Identification of Pb speciation and transformation during the extraction processes is considered to be conducive to assess in vitro bioaccessibility, and bioaccessibility results would clearly influence the risk assessment of incidental soil ingestion. Therefore, this study was conducted to demonstrate the transformation and bioaccessibility of Pb during the PBET assay process for Pb(NO₃)₂ and PbCO₃(s) upon Ca(H₂PO₄)₂ amendment. The two Pb compounds were selected with the consideration of Pb(NO₃)₂ standing for soluble Pb species and PbCO₃(s) representing the less soluble Pb species. The objectives were (1) to investigate the impact of P amendment on Pb transformation of two different Pb compounds during the extraction procedure, (2) to understand the impact of Pb transformation on Pb bioaccessibility, and (3) to determine the effect of fluid components on Pb bioaccessibility in gastrointestinal phase.

2. Material and methods

2.1 Material characterization

All chemicals used in this study including Pb(NO₃)₂, PbCO₃(s), and Ca(H₂PO₄)₂·2H₂O were analytical grade and purchased from Sinopharm Chemical Reagent Co, Ltd. All solutions were prepared in the deionized water (18 MΩ cm).

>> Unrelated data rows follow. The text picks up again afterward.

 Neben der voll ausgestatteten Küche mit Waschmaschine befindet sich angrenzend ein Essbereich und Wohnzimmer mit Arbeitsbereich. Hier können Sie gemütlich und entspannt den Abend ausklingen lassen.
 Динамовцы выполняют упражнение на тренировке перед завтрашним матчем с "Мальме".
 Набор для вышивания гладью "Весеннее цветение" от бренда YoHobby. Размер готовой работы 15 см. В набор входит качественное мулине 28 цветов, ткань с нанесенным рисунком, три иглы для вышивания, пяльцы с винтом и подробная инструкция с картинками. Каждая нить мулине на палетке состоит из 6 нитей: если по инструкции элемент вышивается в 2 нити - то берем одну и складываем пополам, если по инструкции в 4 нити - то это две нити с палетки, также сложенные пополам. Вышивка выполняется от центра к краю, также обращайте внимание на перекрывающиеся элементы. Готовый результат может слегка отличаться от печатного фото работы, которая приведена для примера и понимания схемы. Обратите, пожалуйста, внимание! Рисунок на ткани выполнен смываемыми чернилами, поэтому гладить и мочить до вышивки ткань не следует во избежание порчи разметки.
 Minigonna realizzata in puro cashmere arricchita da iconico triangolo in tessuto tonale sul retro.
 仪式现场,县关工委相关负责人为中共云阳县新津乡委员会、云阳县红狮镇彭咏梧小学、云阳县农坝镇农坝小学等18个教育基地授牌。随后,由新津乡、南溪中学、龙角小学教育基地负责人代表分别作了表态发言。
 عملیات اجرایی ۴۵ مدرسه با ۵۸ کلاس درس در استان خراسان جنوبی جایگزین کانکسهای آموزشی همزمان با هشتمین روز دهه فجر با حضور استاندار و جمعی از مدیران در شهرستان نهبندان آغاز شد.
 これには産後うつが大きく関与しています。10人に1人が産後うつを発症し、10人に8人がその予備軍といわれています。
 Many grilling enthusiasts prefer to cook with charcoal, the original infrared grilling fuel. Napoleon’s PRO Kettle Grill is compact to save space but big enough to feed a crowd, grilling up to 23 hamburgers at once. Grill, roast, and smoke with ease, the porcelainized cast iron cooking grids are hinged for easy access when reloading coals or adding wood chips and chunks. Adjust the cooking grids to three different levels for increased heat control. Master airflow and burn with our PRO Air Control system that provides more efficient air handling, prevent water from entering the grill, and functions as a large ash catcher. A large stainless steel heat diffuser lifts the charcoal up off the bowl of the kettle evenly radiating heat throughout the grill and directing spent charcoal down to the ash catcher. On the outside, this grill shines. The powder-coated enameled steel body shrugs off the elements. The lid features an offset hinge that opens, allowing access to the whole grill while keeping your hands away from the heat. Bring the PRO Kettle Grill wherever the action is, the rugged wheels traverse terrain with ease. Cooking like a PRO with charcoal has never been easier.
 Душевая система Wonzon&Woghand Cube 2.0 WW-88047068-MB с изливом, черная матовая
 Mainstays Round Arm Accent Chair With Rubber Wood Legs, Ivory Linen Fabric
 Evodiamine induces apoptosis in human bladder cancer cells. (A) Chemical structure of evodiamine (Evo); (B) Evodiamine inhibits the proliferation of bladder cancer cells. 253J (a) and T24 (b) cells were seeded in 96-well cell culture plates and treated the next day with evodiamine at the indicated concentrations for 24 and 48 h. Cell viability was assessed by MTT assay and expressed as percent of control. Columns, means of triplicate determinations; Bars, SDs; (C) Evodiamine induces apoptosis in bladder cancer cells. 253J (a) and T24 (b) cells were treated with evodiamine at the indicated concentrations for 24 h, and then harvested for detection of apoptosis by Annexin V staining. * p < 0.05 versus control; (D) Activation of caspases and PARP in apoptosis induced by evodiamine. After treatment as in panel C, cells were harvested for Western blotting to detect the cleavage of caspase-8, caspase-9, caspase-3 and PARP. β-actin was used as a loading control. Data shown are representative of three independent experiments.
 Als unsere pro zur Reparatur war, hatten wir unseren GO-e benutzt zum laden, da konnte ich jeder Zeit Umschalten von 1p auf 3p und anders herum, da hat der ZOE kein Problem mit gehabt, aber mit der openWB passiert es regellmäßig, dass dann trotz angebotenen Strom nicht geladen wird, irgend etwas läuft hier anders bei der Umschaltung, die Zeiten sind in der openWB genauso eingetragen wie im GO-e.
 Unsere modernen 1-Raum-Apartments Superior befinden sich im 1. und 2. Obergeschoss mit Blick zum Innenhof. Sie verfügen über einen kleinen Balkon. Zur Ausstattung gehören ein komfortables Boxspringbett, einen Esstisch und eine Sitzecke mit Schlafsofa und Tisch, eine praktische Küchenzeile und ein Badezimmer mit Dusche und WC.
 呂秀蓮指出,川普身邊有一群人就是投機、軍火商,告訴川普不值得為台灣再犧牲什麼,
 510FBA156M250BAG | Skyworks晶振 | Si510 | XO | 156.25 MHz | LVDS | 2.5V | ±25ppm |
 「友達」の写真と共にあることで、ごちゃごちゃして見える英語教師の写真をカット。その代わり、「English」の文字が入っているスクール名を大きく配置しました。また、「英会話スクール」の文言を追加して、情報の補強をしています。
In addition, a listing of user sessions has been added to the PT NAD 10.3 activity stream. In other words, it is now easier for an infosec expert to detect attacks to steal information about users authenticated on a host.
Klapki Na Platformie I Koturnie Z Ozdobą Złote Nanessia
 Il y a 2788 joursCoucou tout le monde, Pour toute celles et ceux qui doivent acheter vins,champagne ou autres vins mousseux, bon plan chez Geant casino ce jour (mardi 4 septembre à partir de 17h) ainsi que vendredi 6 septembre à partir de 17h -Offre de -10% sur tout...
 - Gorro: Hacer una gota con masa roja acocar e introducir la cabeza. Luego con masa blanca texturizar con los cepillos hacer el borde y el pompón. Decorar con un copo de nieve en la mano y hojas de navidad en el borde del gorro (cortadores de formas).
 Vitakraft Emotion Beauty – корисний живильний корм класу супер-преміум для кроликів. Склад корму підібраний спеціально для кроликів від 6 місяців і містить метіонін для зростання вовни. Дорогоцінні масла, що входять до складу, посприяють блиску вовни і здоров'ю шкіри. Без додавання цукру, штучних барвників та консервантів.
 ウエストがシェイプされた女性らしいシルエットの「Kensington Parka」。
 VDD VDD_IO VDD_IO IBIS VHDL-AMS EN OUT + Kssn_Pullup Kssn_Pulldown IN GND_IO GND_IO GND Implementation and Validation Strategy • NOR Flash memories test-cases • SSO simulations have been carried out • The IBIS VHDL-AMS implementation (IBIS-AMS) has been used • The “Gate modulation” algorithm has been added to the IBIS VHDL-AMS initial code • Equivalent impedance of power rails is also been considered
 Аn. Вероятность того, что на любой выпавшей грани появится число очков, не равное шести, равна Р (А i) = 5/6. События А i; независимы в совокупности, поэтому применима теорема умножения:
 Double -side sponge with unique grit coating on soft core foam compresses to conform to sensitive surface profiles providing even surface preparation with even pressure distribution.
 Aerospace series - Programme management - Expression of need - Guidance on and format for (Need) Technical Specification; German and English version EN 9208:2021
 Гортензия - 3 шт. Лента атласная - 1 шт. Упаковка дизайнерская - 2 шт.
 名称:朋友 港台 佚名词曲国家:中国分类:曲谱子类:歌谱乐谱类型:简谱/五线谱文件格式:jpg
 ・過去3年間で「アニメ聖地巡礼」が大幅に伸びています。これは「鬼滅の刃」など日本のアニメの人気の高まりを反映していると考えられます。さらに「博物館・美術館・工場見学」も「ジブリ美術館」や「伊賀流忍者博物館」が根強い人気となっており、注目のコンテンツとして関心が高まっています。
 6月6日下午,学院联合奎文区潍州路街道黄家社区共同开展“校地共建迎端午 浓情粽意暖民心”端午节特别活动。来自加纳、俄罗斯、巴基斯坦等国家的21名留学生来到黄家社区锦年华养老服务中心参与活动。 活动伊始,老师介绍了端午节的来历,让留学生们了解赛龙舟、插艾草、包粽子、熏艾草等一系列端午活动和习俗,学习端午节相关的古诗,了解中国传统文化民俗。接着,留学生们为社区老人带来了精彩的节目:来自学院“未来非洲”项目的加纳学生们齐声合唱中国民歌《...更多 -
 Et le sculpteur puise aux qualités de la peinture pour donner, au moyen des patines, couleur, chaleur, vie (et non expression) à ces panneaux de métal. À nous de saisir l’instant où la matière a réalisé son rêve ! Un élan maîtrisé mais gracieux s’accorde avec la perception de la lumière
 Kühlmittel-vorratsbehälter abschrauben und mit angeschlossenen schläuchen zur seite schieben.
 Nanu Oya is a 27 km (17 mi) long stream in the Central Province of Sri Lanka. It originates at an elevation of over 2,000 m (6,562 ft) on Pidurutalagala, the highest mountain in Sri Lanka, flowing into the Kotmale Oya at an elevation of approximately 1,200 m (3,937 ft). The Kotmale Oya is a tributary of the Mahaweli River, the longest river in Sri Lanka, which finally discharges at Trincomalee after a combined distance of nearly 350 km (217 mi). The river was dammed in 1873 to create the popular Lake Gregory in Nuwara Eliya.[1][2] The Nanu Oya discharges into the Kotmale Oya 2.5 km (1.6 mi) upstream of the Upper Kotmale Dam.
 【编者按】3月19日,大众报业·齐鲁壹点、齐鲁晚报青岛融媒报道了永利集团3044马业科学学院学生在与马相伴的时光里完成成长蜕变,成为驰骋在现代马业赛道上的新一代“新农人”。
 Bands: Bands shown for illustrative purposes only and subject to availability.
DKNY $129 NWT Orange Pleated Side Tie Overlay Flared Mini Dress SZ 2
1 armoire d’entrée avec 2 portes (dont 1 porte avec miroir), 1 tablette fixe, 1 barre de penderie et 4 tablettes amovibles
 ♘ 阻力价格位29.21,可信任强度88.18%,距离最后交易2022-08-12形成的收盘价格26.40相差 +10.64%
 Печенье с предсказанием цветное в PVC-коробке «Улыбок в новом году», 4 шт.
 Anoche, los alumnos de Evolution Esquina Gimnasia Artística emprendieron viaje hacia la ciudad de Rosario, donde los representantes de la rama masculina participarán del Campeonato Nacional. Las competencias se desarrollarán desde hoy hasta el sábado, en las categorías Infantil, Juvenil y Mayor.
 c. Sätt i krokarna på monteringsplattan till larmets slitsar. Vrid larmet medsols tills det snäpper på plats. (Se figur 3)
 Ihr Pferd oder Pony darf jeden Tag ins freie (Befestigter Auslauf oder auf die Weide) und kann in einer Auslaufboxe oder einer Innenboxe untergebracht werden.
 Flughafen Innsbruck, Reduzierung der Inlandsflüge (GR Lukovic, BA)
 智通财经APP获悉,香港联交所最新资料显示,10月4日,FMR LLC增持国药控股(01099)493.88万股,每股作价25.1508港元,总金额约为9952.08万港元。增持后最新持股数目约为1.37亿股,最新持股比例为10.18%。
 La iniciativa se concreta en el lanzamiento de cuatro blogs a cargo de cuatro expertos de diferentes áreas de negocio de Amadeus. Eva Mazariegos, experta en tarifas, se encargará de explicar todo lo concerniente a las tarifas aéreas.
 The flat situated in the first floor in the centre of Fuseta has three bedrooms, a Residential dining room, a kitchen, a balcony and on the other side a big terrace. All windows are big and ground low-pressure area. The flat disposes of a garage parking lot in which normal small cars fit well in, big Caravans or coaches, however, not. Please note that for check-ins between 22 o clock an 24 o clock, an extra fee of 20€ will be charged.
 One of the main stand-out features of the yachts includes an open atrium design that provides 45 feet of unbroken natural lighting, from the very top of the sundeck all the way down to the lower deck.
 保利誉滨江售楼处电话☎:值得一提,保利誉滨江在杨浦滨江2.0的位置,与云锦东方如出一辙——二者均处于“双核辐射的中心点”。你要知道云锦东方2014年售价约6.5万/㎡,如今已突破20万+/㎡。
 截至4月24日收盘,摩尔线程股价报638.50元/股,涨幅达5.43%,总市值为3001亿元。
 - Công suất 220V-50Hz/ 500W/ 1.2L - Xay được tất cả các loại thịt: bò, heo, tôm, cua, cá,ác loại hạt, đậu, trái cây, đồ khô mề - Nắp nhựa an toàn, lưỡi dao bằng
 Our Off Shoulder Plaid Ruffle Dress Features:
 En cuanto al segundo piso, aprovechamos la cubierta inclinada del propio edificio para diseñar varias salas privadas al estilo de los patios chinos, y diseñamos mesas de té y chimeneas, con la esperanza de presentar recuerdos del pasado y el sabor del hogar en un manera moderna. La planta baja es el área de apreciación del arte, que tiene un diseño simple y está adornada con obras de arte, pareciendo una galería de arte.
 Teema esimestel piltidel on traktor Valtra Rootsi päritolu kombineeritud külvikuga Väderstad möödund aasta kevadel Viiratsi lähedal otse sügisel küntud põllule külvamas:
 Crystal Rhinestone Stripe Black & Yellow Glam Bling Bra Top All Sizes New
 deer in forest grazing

2.2 In vitro Pb bioaccessibility assessment

To evaluate Pb bioaccessibility, the physiologically based extraction test (PBET) was employed in this study with a minor modification.⁷ The assay simulated process in human gastrointestinal tract, and included two phases: the gastric phase (G-P) at pH = 2 followed by the intestinal phase (I-P) at pH = 7.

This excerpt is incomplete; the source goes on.